WHAT IS EXPECTED |
Whenever an image turns up, omit it and return the remaining data exactly.

INFORMATION SUPPLIED |
________________
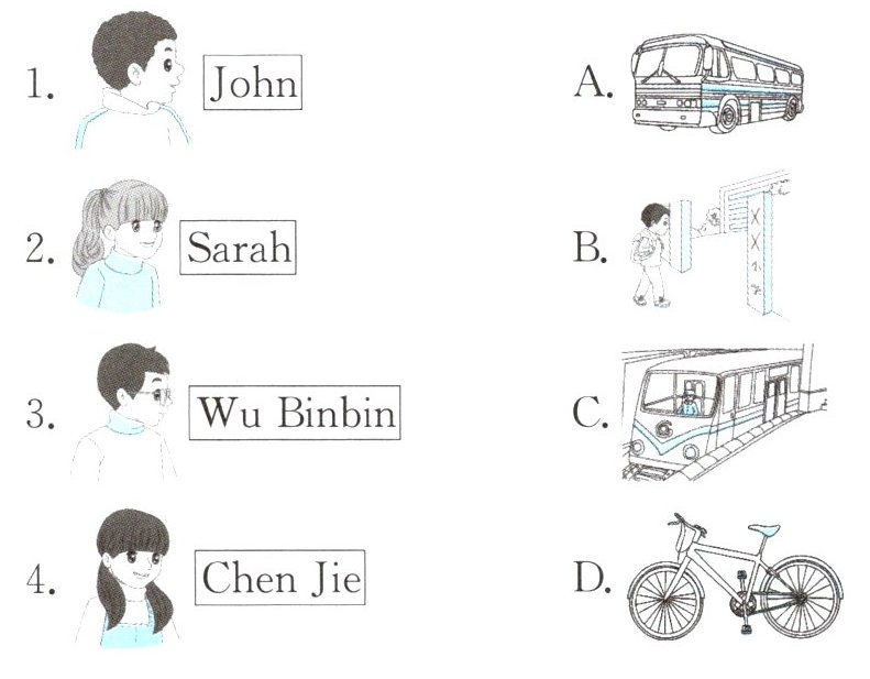 1. A 2. C 3. How 4. My friend and I come to school by bus.
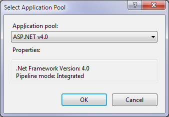 Change the Application Pool to “ASP.Net v4.0”, the ”Select Application Pool” window should now appear as below:
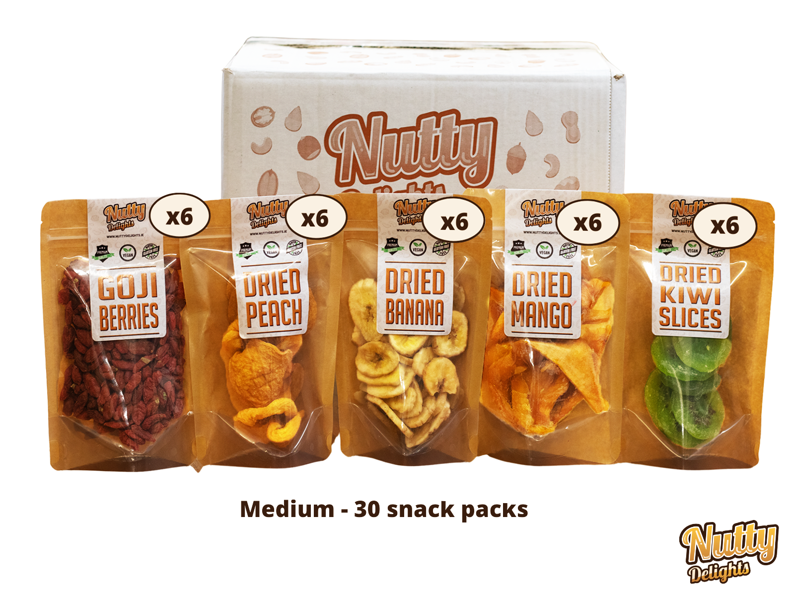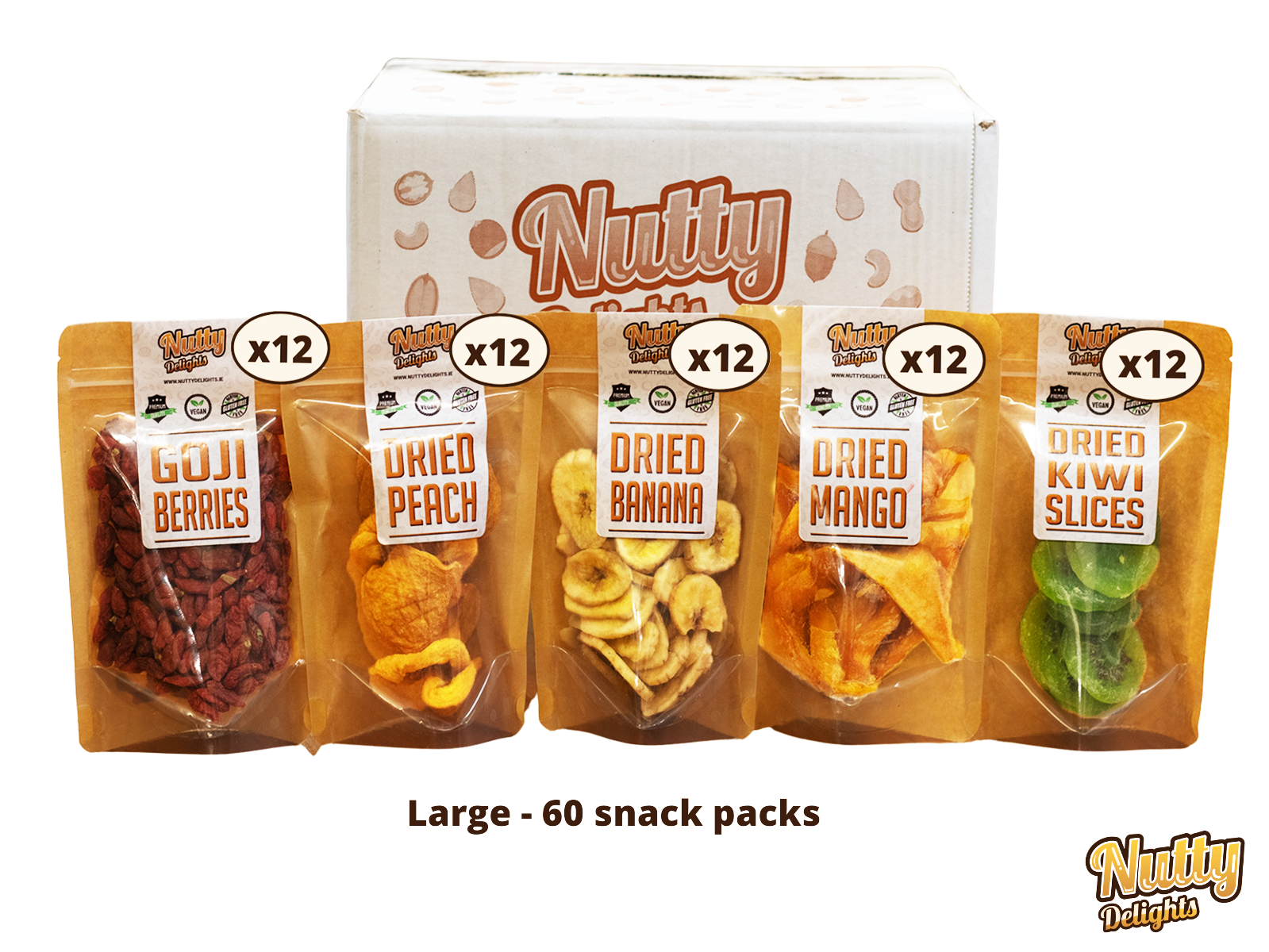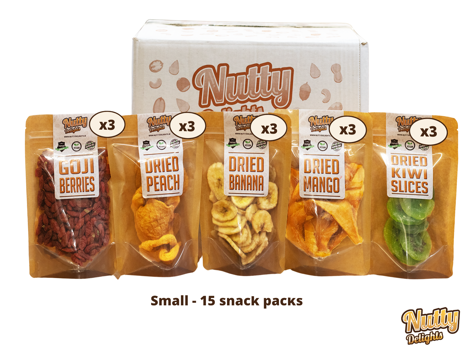 In this bundle we have added goji berries - the perfect snack to add to your breakfast cereals or porridge or simply eat them directly from the pack! Our dried mango, kiwi and peach are the perfect dried fruit to snack on throughout the day. They may be dried fruit but they still hold a lot of juiciness and are still rich in delicious flavor! If you're looking for a bit of a crunch then dried banana chips are perfect for you! They taste great and have a great bite - add them to your breakfast or simply eat them straight from the pack like healthy chips!
________________
EXPECTED OUTPUT |
 1. A 2. C 3. How 4. My friend and I come to school by bus.
 Change the Application Pool to “ASP.Net v4.0”, the ”Select Application Pool” window should now appear as below:
 In this bundle we have added goji berries - the perfect snack to add to your breakfast cereals or porridge or simply eat them directly from the pack! Our dried mango, kiwi and peach are the perfect dried fruit to snack on throughout the day. They may be dried fruit but they still hold a lot of juiciness and are still rich in delicious flavor! If you're looking for a bit of a crunch then dried banana chips are perfect for you! They taste great and have a great bite - add them to your breakfast or simply eat them straight from the pack like healthy chips!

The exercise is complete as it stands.